C++20 Memory Model
The C++ memory model as revised for C++20. It adopts the repaired sequential-consistency semantics of Lahav et al. (P0668), strengthening seq_cst atomics and fences so the broken IRIW / SC-fence behaviours of C++11/14/17 become forbidden; and it weakens release sequences (P0982) so that only RMWs — not later relaxed stores by the same thread — continue them. It still does not resolve the thin-air problem, so out-of-thin-air reads remain (unlike RC11). The seq_cst strengthening and the release-sequence weakening pull in opposite directions, leaving C++20 incomparable with the original C11/C++11 model and strictly weaker than RC11. This is also the model Rust normatively adopts for core::sync::atomic: the shipped Rust atomics model is C++20 (not full RC11 — see ORC11, the stronger operational RC11 used to verify Rust's standard library).
Ordering relationships
- Strictly weaker than
- Repaired C11 (RC11) — C++20 adopts RC11's repaired SC (P0668) but, unlike RC11, does not adopt the no-thin-air axiom acyclic(po ∪ rf): it still permits out-of-thin-air / plain load-buffering reads that RC11 forbids. So RC11 is strictly stronger.
- Incomparable with
- C11/C++11 Memory Model — Two-sided: C++20's repaired seq_cst (P0668) forbids the IRIW/SC-fence behaviour that C11/C++11/14/17 allow, while C++20's weakened release sequences (P0982 — only RMWs continue a release sequence) allow a synchronisation outcome C11 forbids. Neither contains the other.
References
- Hans-J. Boehm, Olivier Giroux, Viktor Vafeiadis. P0668R5: Revising the C++ Memory Model. ISO/IEC JTC1/SC22/WG21, 2018.
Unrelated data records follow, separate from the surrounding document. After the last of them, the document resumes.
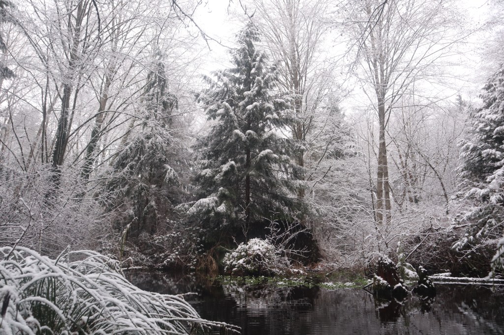 Paramount Open Space is a long narrow park oriented along Little’s Creek which runs south and joins Thornton Creek in Seattle. The southern end of the park includes a wetland that was restored in the 1990s. A number of short trails meander through the park and most radiate out from a small grassy opening adjacent to the public parking lot at the end of 147th street to the three street entrances.
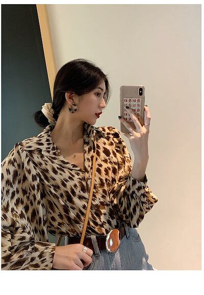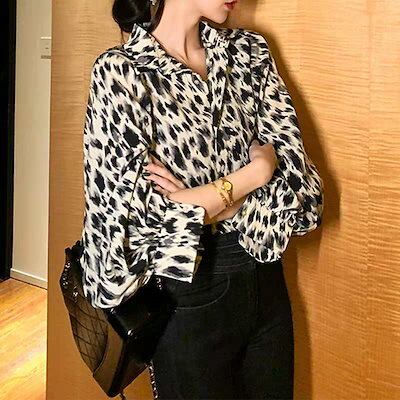 2024新作 豹柄 シンプル レトロプリント 長袖インナーアウター ブラウス可愛い トップス お肌に優しい ブラウス 韓国ファッション レディース 服 紫外線対策 ロンt シフォンブラウス
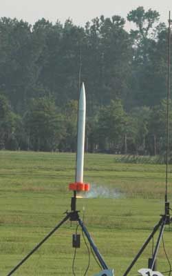 My rocket turned out to be the last HPR rocket of the day. The suspense was killing me. This would be my last chance to qualify for level one for at least two months so I was quite nervous. When the LCO called off the countdown and the igniter sputtered I thought I was cooked. But then the motor caught and the boost was perfect--nearly straight up with very minor wind induced weathercocking. The rocket appeared to go up to around 1000' and right around apogee the motor ejected.
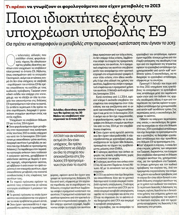 Οι τελευταίες αλλαγές που επήλθαν στους φορολογικούς νόμους θα οδηγήσουν φέτος χιλιάδες ιδιοκτήτες ακινήτων στην υποχρέωση να υποβάλουν ηλεκτρονικά το έντυπο Ε9.
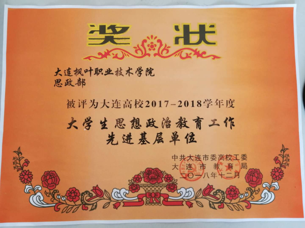为深入学习贯彻党的十九大精神和习近平新时代中国特色社会主义思想,大连枫叶职业技术学院思想政治理论课教学部(简称思政部)在党委领导下开展了一系列思想政治教育工作,一年来在思政教学工作和省级大赛中取得了可喜的成绩。2018年12月被中共大连市委高校工委评为“大连高校2017-2018学年大学生思想政治教育工作先进基层单位”,思政部于杨老师被评为2017-2018学年度“大连市优秀学生思想政治教育工作者”
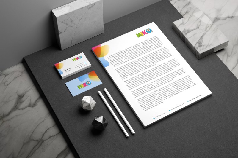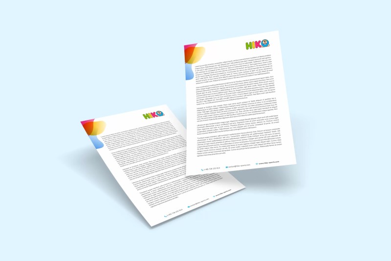 Logo-ul Hiko, modern și prietenos, reflectă perfect spiritul ludic al brandului, fiind o expresie vizuală a bucuriei și energiei copilăriei. Identitatea vizuală a fost concepută cu atenție la detalii, folosind culori vii, linii fluide și fonturi accesibile, ce redau un aer relaxat și plin de viață. De la cărți de vizită și mape de prezentare până la cataloagele cu produse, toate materialele de comunicare păstrează o coerență vizuală și un stil jucăuș, consolidând unicitatea și memorabilitatea brandului Hiko în ochii părinților și copiilor deopotrivă.
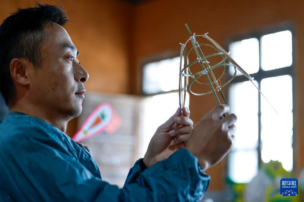 12月9日,在安徽省黄山市黟县宏村,何继星在制作花灯。
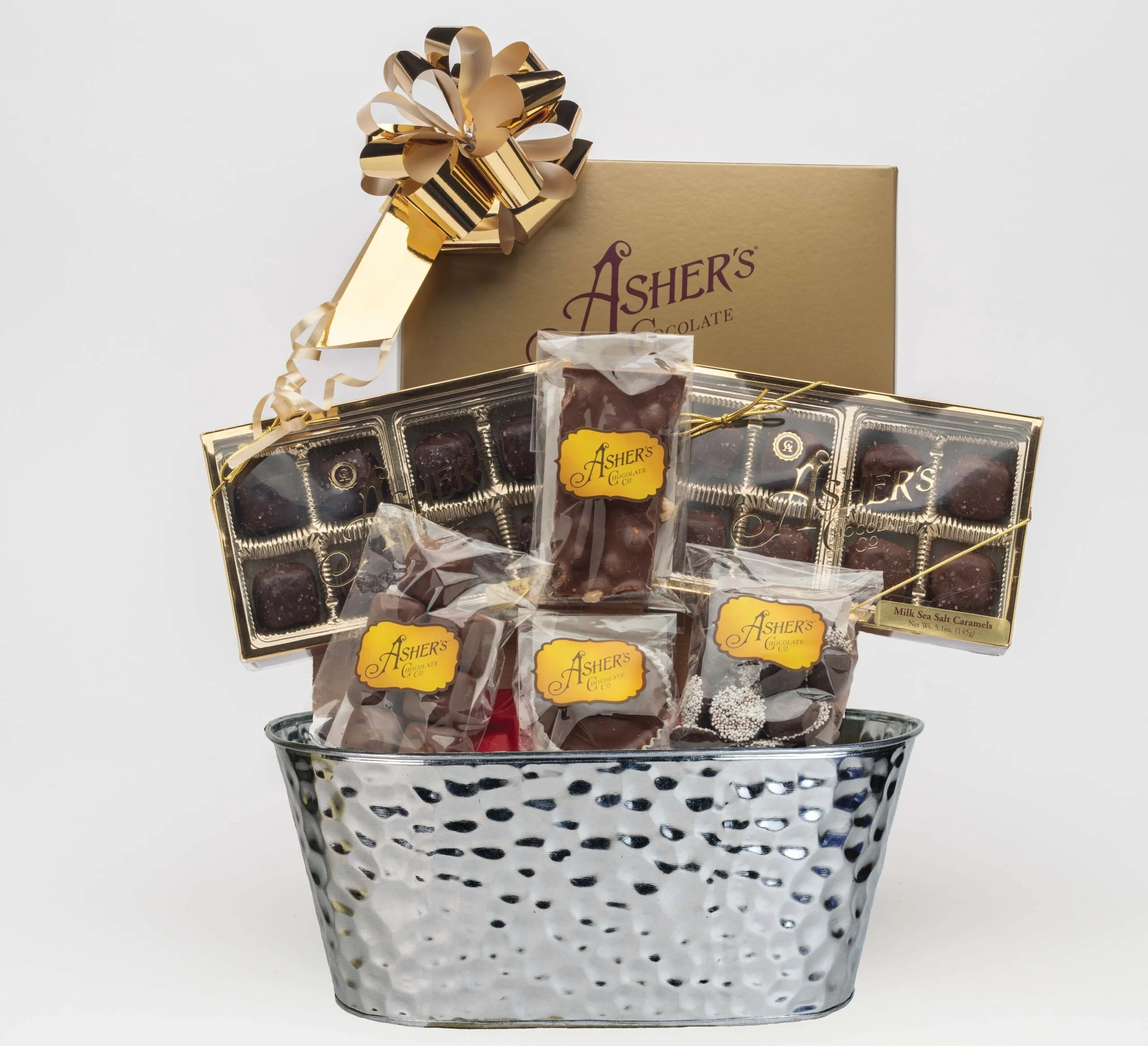 Give the gift of pure chocolate bliss with Asher’s Indulgence Gift Basket, a thoughtfully curated collection of our most beloved confections. Perfect for the holiday season, this basket brings together classic favorites and irresistible new indulgences—all beautifully arranged for gifting, sharing, or savoring solo.

- Hans-J. Boehm. P0982R1: Weaken Release Sequences. ISO/IEC JTC1/SC22/WG21, 2018.
- Ori Lahav, Viktor Vafeiadis, Jeehoon Kang, Chung-Kil Hur, Derek Dreyer. Repairing Sequential Consistency in C/C++11. PLDI 2017, 2017. doi:10.1145/3062341.3062352
- ISO/IEC. ISO/IEC 14882:2020 — Programming Language C++. ISO Standard, 2020.